# thinkin of gettin me a piranha



## smokinbubbles (Mar 25, 2005)

well i have wanted piranhas in the past but really have never gotten around to it becasue i can't get em in georgia and i really don't want to pay 25 bucks for shipping one and don't want to drive a state over. right now i have been lookin to orderin a piranha but i want one that is a complete badass, one that can't even live in shoals casue they can't stand eachother. im lookin to spend about 100 bucks but cheaper woud be better. also tell me how big they get casue i really don't want to geta piranha that has to live ina huge home 150+ casue i already have a 150 and i have to get a 300 for a sinle fish to live in in the near future. thanks yall

J-Rod


----------



## Ammo5254 (Feb 23, 2005)

Elongatus...They are CRAZYYYYYYYYYYYYYYY....They will be a little more than 100 bucks but WELL worth the money!


----------



## Altuvie631 (Jul 7, 2005)

with a 150 gal you can get almost any kind of piranha i would suggest the Altuvie or the elong but if you want a big fish go with a black


----------



## smokinbubbles (Mar 25, 2005)

thanks guys

yeah i was kinda leaning towards a black piranha but just want to klnow if there is anything more badass that isn't that much more. oh and i don't want to have to get another 150, the 150 i have now is occupied. what about a 75 or would that be to small? thanks again.

J-Rod


----------



## rbp 4 135 (Mar 2, 2004)

Do NOT GET A PIRANHA if you want an aggressive fish. aggressive rannas are few and far between. get a cichlid. for you tank i would get a male midas, COMPLEETLY bad ass.


----------



## King Oscar (Apr 5, 2005)

rbp 4 135 said:


> Do NOT GET A PIRANHA if you want an aggressive fish. aggressive rannas are few and far between. get a cichlid. for you tank i would get a male midas, COMPLEETLY bad ass.
> [snapback]1110930[/snapback]​











yup i was gonna say that


----------



## fung88 (Feb 3, 2005)

I don't understand why you cichlid fans are here. This is a piranha forum ..if you think ur cichlids are so badass then go bak to your cichlid forum!


----------



## kove32 (Oct 26, 2004)

Exactly he asked for a PIRANHA.. wow..

Anyway, if you don't want a shoal I would get probally a black for that big of a tank. Either that or a Elongatus would be sweet.


----------



## kove32 (Oct 26, 2004)

Exactly he asked for a PIRANHA.. wow..

Anyway, if you don't want a shoal I would get probally a black for that big of a tank. Either that or a Elongatus would be sweet.


----------



## benJii (Feb 17, 2005)

god yet another getting a rhom......well get a elong way cooler


----------



## rbp 4 135 (Mar 2, 2004)

he asked for something aggressive, which the vast majorit of p's are not.


----------



## lightning2004 (Jun 25, 2005)

smokinbubbles said:


> thanks guys
> 
> yeah i was kinda leaning towards a black piranha but just want to klnow if there is anything more badass that isn't that much more. oh and i don't want to have to get another 150, the 150 i have now is occupied. what about a 75 or would that be to small? thanks again.
> 
> ...


IRRITAN will live for life in a 55 but a 75 will only make it more happy..and badass monster is a understatement..i belive more aggressive then elongs..


----------



## jaejae (Apr 16, 2005)

Irritans are the sociopaths of the piranha world!!! I mean absolutely crazy wielding an axe and wanting to chop up everything!!!

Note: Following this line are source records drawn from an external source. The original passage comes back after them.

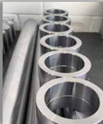
Shaft and brush manufacture
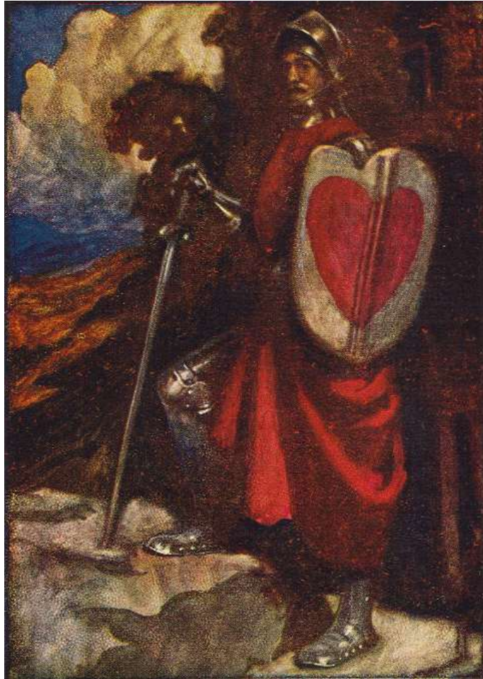
THE INTERPRETER THEN CALLED FOR A MANSERVANT OF HIS, NAMED GREATHEART.

"Guide these pilgrims," said he, "and bring them to the palace Beautiful, at which place they rest next." So he took his weapons and went before them, and the Interpreter said "God-speed."
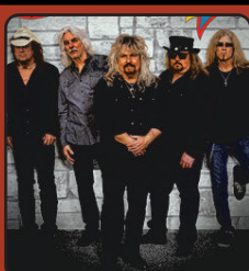
SUN, SEP 24 MOLLY HATCHET
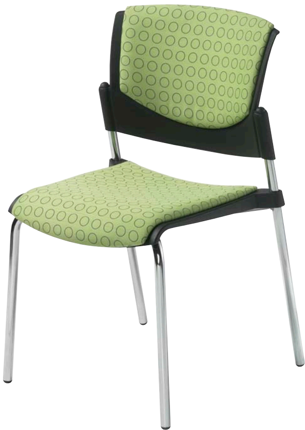
808UFST CH Model

Some options include twin wheel carpet casters, chrome legs, drafting stool and soft tile casters.
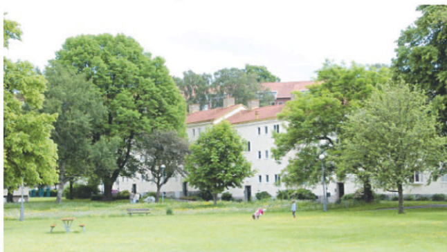
Figure 3 Torpa, the inner green space and surrounding buildings.

Torpa consists of 600 flats of mainly two rooms and kitchen of about 50 sqm organised in 17 blocks around an open green space of almost 3,5 ha. Half of the blocks have brick facades and the other half have plaster facades.
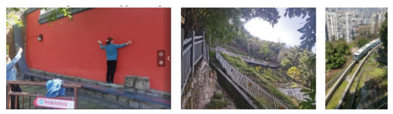
Figure 10: Top of Fotuguan Park into park wall and foot of the light rail network red landscape (Photo source: By the author).
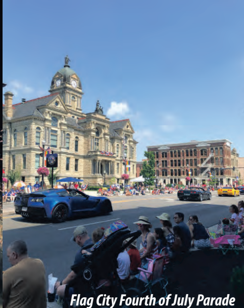
Flag City Fourth of July Parade
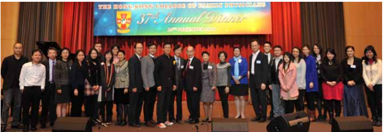
Group photo of Conjoint Examination successful candidates with members of the Board of Conjoint Examination
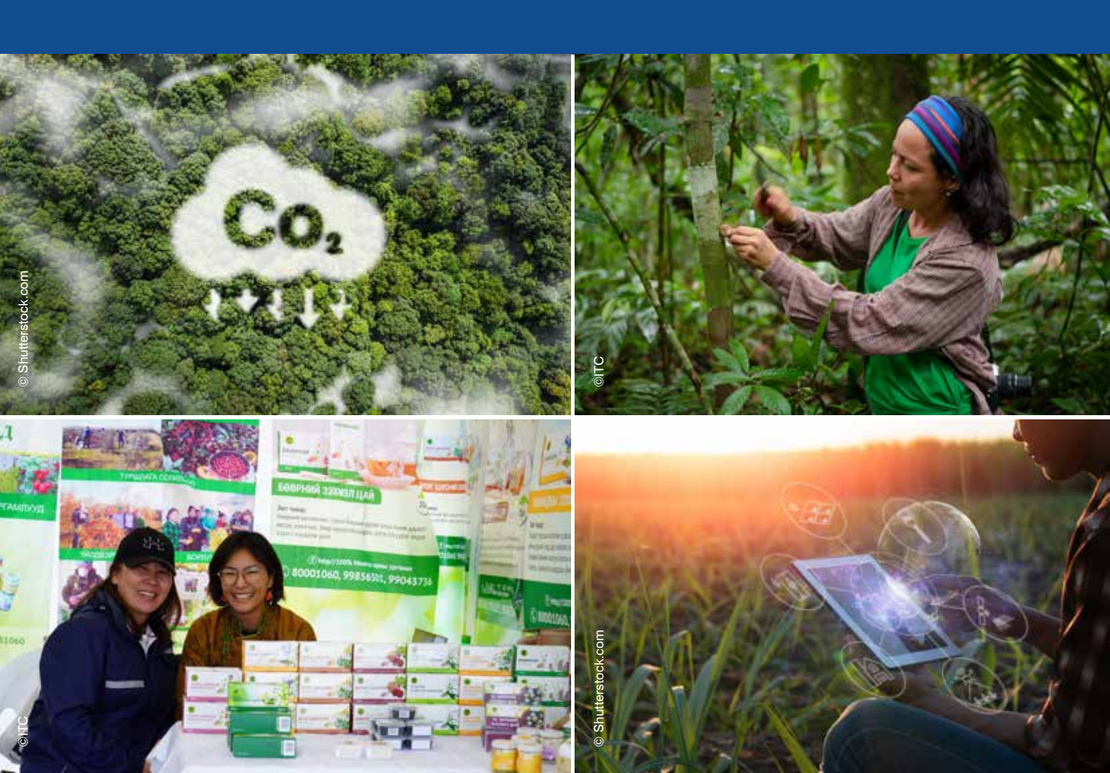
Bottom left photo: A Mongolian MSME specializing in organic cosmetics made from sea-buckthorn showcasing products on International MSME Day

"If the world goes towards slow fashion, Mongolia produces high quality, organic, biodegradable fibres, drawing on centuries of history as nomadic herders."
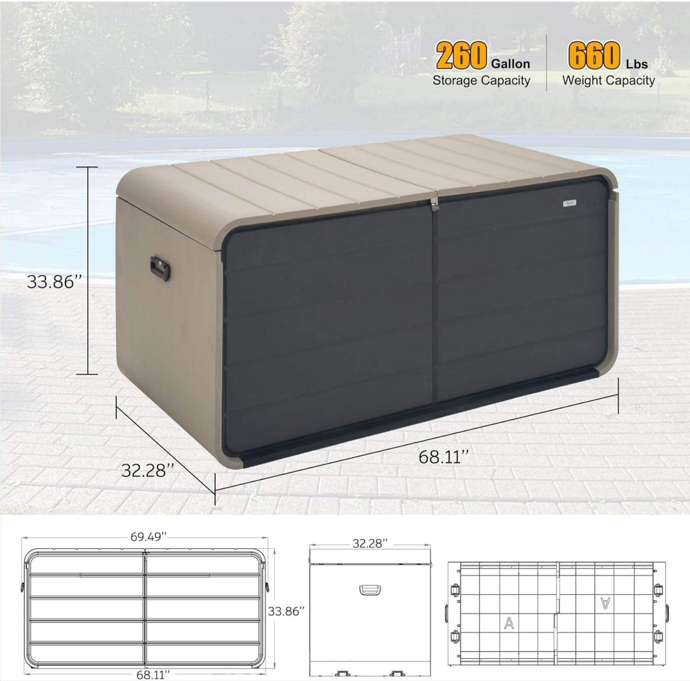
Image: Technical drawing illustrating the length, width, and height measurements of the deck box.

For warranty information, product support, or to inquire about replacement parts, please contact the manufacturer, domi outdoor living , or the seller, Fay outdoor life , directly through your purchase platform or their official website. Please have your model number (LNCZ0605-Fay-0515) and proof of purchase available when contacting support. For general inquiries, you may also refer to the product page on Amazon: Domi 260 Gallon Resin Deck Box on Amazon
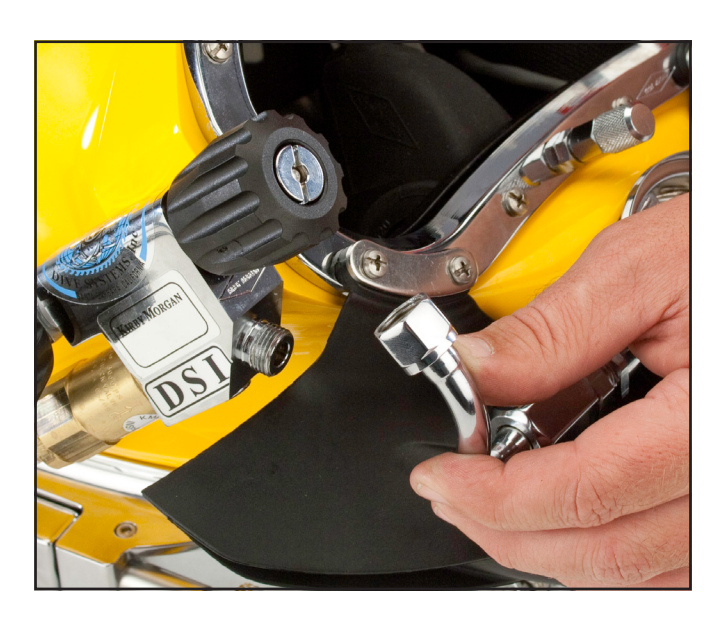
Loosen the bent tube.

2) Remove the steady flow knob, locknut, and spring.
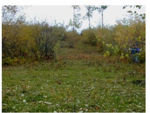
This plant community has been burned and grazed
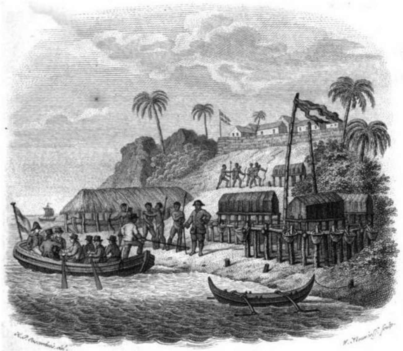
BEGRAAFPLAATS VOOR AWEER.
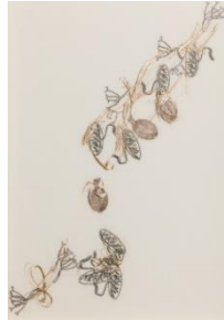
Entangled II Triptych I 100% Silk Crepe de Chine satin 47 x 65 cm £995
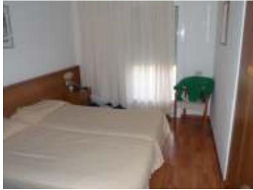
Room in one of the hotels
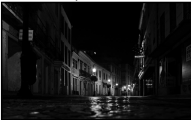
“Aveiro Street, Portugal”
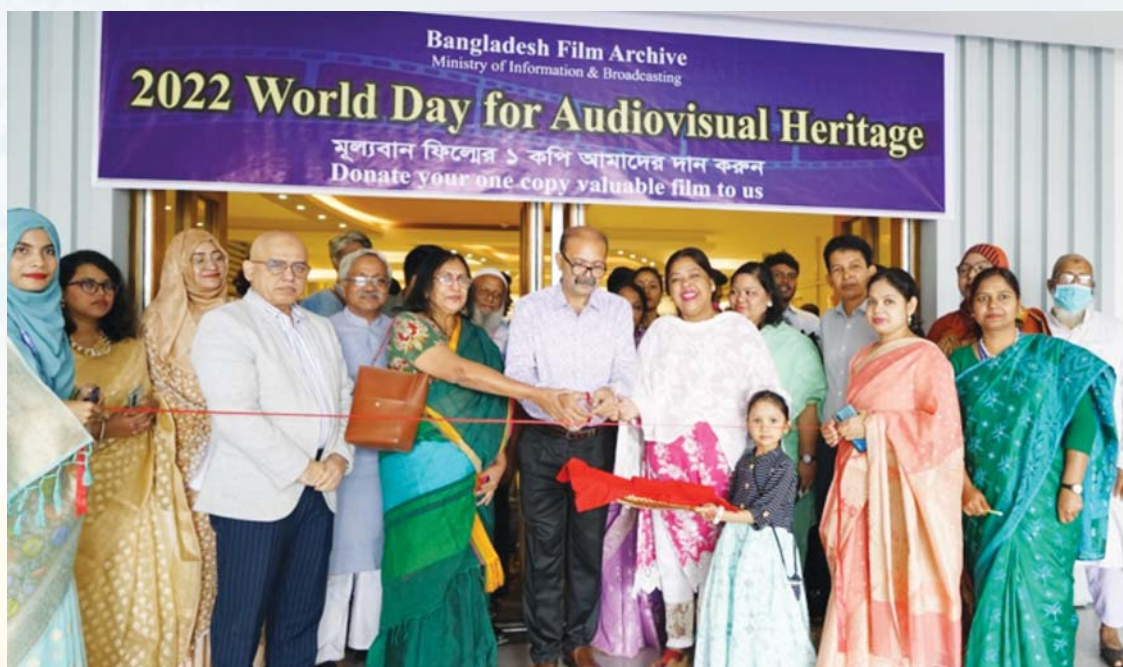
International world Day for Audiovisual Heritage, October 2022
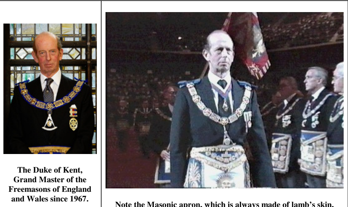
Note the Masonic apron, which is always made of lamb's skin, a blasphemous parody of the Lamb (Christ).

Taken together these principles are proclaiming that the Bible is wrong when it makes an absolute distinction between believers and unbelievers, between those who are saved and those who are lost. Freemasonry and the New Age movement completely reject original sin, the fallen state of man, and the need for redemption through the saving blood of Christ. In their view, man is not lost but continually evolving through experience into a higher spiritual state.
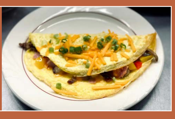
Cold Cereal or Oatmeal Omelet to Order Seasonal Fresh Fruit Sausage Gravy Biscuits
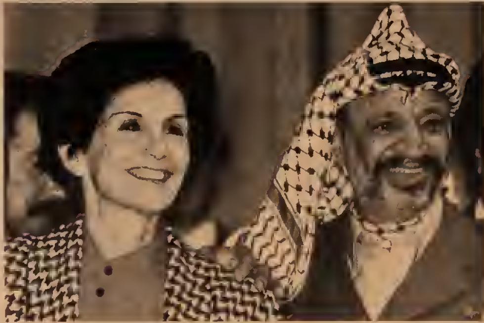
Yasir Arafat meets with representatives of American Jewish groups in Stockholm in December.

point. Fortress Israel is still central to American designs to forge an anti-Soviet "strategic consensus" in the Near East, and any American administration intent on breaking with Israel would have to contend with the sizable and potent Zionist lobby in the U.S. But the yearlong Palestinian uprising in the Occupied Territories has brought to a
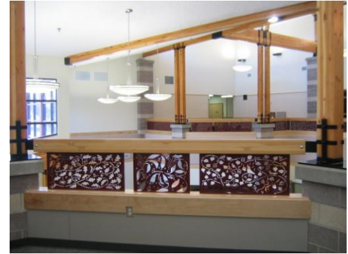
Hazel Valley Elementary School; Burien, WA
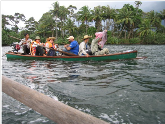
Figure 21: The storm arrives
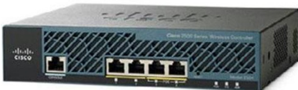
Figure 7 Cisco Air 2504 Wireless Local Area Network (LAN) Controller

Projects will also require either hardware or software to manage the network, as well as a router to provide a firewall and routing connection to the bandwidth source. Such equipment may include the items illustrated in Figures 7-8.

Go with an irritan, but then again you never know, you may end up getting a dud!!!

It just depends! Anyway...goodluck and tell us what you decided on!


----------



## lightning2004 (Jun 25, 2005)

i have yet to hear a dud with irritans..but you never know what your gona get with p's..


----------



## smokinbubbles (Mar 25, 2005)

thanks guys im goint o see what i can do. about the cichlids, i don't like em. yeah flowerhorns are pretty cool and i wouldn't mind gettin one but i just don't like em. i have had 2 oscars that were both over a foot long that lived over 10 years so im not really lookin to get any other cichlids.

J-Rod


----------



## pinchy (Jun 3, 2004)

get 3 caribe for that tank


----------